Figure 2.

L-Arginine Is Rapidly Metabolized upon Activation

(A) Intracellular abundance of L-arginine in non-activated (non-act) and activated naive CD4⁺ T cells (CD3 + CD28 antibodies). Boxplot, n = 30 from three donors, each in a different color.

(B) Kinetics of ³H-L-arginine uptake during a 15-min pulse. Box plot, n = 5 from three donors.

(C) Uptake, proteome incorporation and intracellular abundance of the indicated amino acids. Barplot (left): 5 × 10⁴ cells were activated for 4 days and consumption of amino acids from medium was analyzed. Essential amino acids are in gray; n = 4 from four donors, error bars represent SEM. Barplot (center): proteome incorporation of amino acids estimated from the copy numbers of each protein. Heat map (right): intracellular amino acid abundance relative to naive T cells over time as determined by mass spectrometry (MS) n = 30 from three donors. Leucine and isoleucine could not be distinguished as they have the same mass.

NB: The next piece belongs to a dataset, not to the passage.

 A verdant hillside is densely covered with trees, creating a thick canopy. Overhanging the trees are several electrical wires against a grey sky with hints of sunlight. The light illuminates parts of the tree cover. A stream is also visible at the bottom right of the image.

(D) Changes in the abundance of metabolites and proteins of the arginine and proline metabolism between non-activated and 72 hr-activated CD4⁺ T cells. Log2 fold changes of proteins and metabolites are color-coded. Significant changes are in bold (FDR = 0.05, S₀ = 1 for proteins; and p < 0.05 [two-tailed unpaired Student’s t test], |Log2 fc| > 1 for metabolites). Black dots are metabolites that were not detected by MS. Only enzymes that were detected by MS are shown.

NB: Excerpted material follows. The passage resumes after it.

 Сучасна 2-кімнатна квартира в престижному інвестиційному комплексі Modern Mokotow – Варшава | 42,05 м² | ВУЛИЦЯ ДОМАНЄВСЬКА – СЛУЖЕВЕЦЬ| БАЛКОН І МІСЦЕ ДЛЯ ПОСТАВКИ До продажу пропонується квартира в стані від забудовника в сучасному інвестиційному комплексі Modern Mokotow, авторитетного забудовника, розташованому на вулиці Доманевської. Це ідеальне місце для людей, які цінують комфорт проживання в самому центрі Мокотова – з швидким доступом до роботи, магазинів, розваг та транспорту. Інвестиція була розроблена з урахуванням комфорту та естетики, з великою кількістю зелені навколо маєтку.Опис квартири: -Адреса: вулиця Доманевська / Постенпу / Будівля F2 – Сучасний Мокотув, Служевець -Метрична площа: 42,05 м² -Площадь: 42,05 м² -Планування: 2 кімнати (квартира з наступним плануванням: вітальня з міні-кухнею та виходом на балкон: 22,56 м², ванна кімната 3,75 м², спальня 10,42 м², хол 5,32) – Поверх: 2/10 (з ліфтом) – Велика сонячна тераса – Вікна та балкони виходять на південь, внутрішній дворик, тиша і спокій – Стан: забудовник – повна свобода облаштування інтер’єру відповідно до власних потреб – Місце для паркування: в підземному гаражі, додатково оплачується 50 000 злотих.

(E) Metabolic tracing of L-arginine. Ninety-six hour-activated T cells were pulsed with ¹³C₆-L-arginine and the metabolic fate was analyzed by LC-MS/MS at different time points. AFL, apparent fractional labeling; n = 4 from two donors. ¹³C Citrulline was not detected. Error bars represent SEM.

For (A) and (B), upper whisker = min(max(x), Q_3 + 1.5 ^∗ IQR) and lower whisker = max(min(x), Q_1 – 1.5 ^∗ IQR).